The role of green technologies in producing wheat gluten nanofibers by electrospinning and improving their water resistance

Abstract

Electrospinning of irregular proteins is possible if they can be dissolved appropriately and their spherical structure can be changed to a random coil, which is generally not the case for plant proteins. Thus, the effect of each solvent, including acetic acid (AA), ethanol (ET), and water (WA) alone, as well as their binary mixtures at 70:30, 50:50, and 30:70 (v/v) ratios on the nanofibers (NFs) obtained from treated gluten was investigated.
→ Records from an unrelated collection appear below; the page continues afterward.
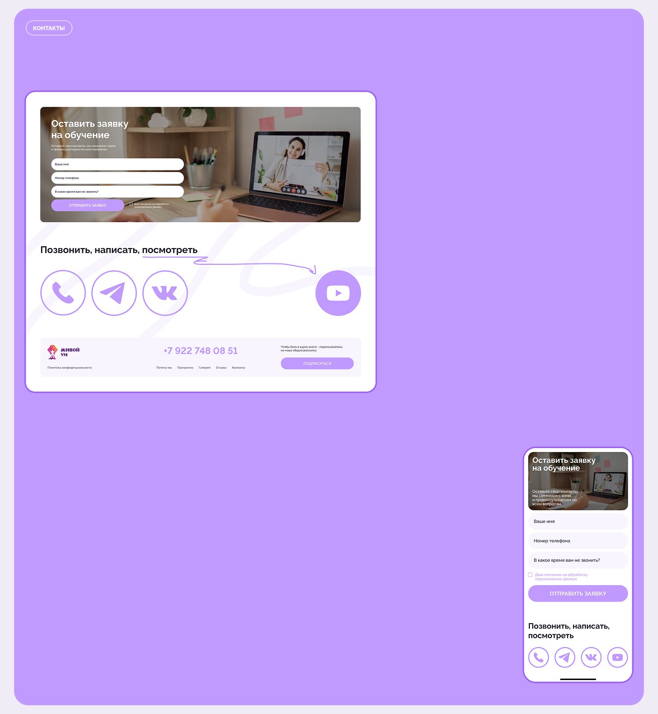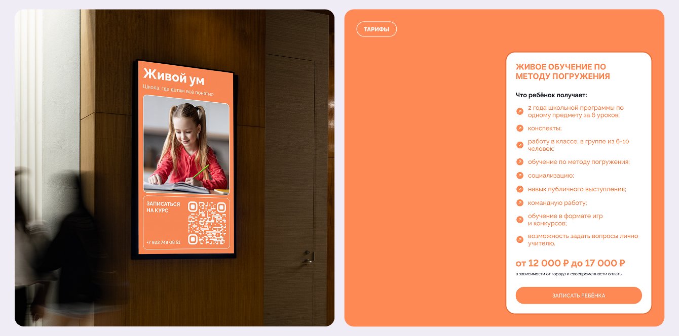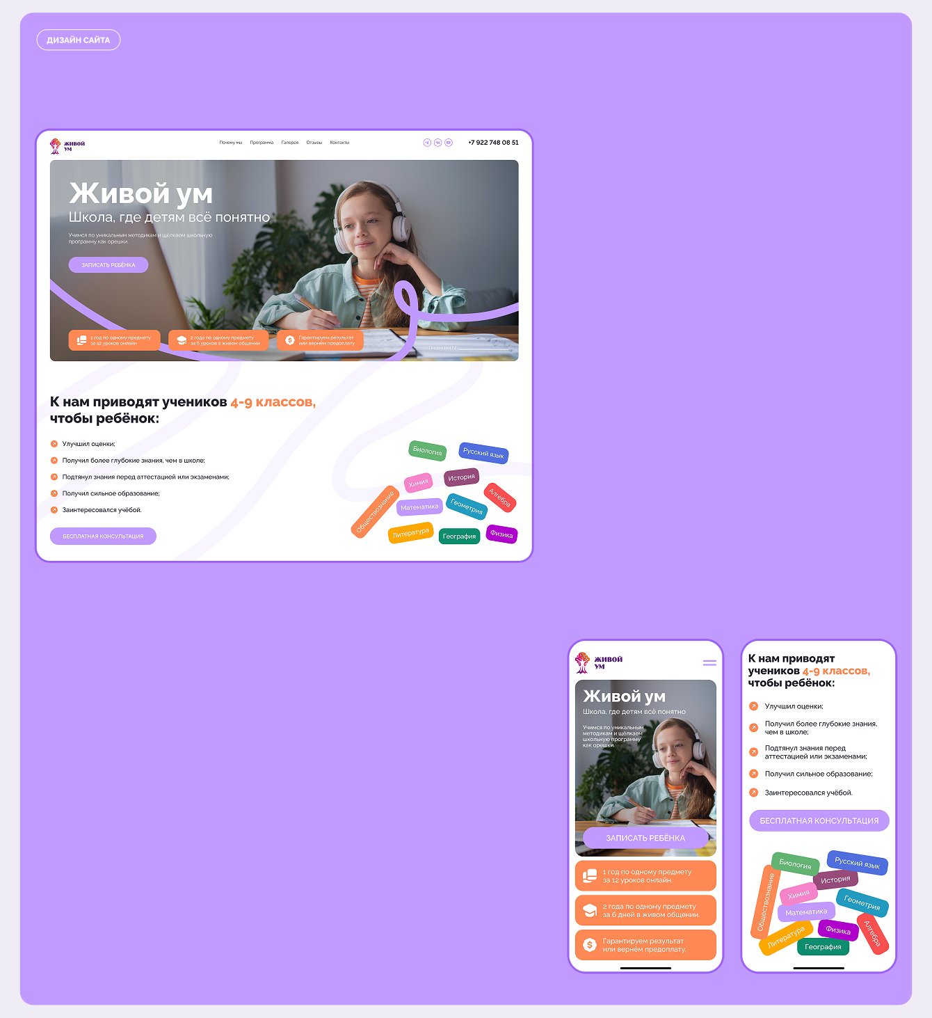 Создать высоко конверсионный лендинг, отражающий уникальную методологию «Живого ума» и эффективно привлекающий целевую аудиторию — учащихся и их родителей.
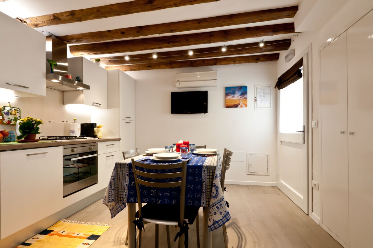 Dom z pięknym widokiem na kanał i kościół, niedawno starannie odrestaurowany z zachowaniem oryginalnych cech, wenecka posadzka, nowoczesne i wygodne meble, zalany światłem i słońcem. W tętniącej życiem dzielnicy w historycznym centrum, kilka minut spacerem od dwóch przystanków vaporetto, w pobliżu Canal Grande, Rialto, muzeów, supermarketów, aptek, typowych tawern. Dostęp za pomocą indywidualnego kodu, ogrzewanie podłogowe, klimatyzacja, Wi-Fi. Dom zdezynfekowany!
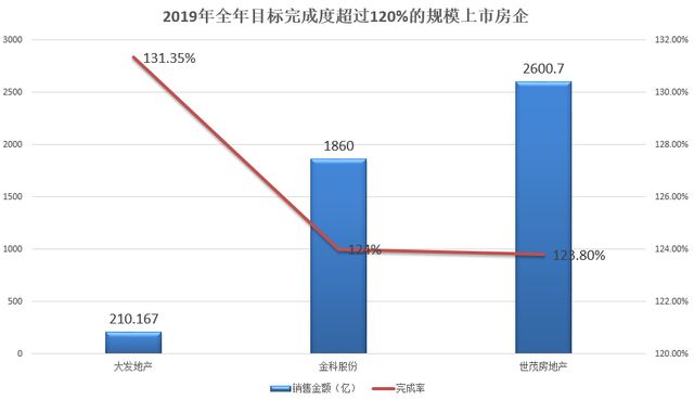 研究员发现,去年目标完成度120%及以上的仅有3家,分别为大发、金科和球王会体育在线。2020年,金科和球王会体育在线将分别冲击2000亿、3000亿阵营。
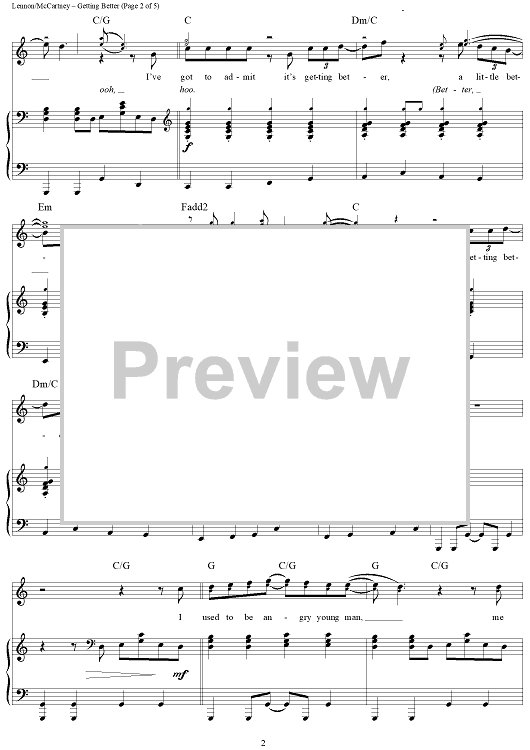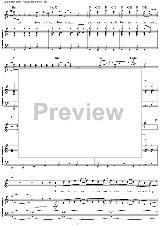 Digital Sheet Music for Getting Better by Paul McCartney, The Beatles, John Lennon scored for Piano/Vocal/Chords; id:404267

Where the binary solvent systems of AA: ET and ET: WA (70:30 ratios) were selected, the average NFs diameters were 482.22 and 312.74 nm, respectively. Next, the effects of 3 factors, including solvent type, high hydrostatic pressure/HHP (0, 400, and 600 MPa), and dithiothreitol (DTT) (0 and 1 % of the protein weight) on gluten NFs were studied. Applying HHP and DTT effectively altered the protein conformation from β-sheets to random coils. Considering fiber morphology (no beads and uniformity of fiber morphology) and production conditions, the sample treated at 400 MPa containing DTT was selected for gluten electrospinning in the AA: ET (70:30 v/v) solvent system. Finally, the effects of sandwiching (layers of zein protein), thermal, cross-linking with oxidized sucrose, and plasma methods on increasing the hydrophobicity of fibers were investigated. The dissolution time of different treatments, including sandwich NFs, thermal, and plasma methods, was 11.77, 35, and 1.19–4.64 s, respectively; the thermal method was proposed as the best modification method.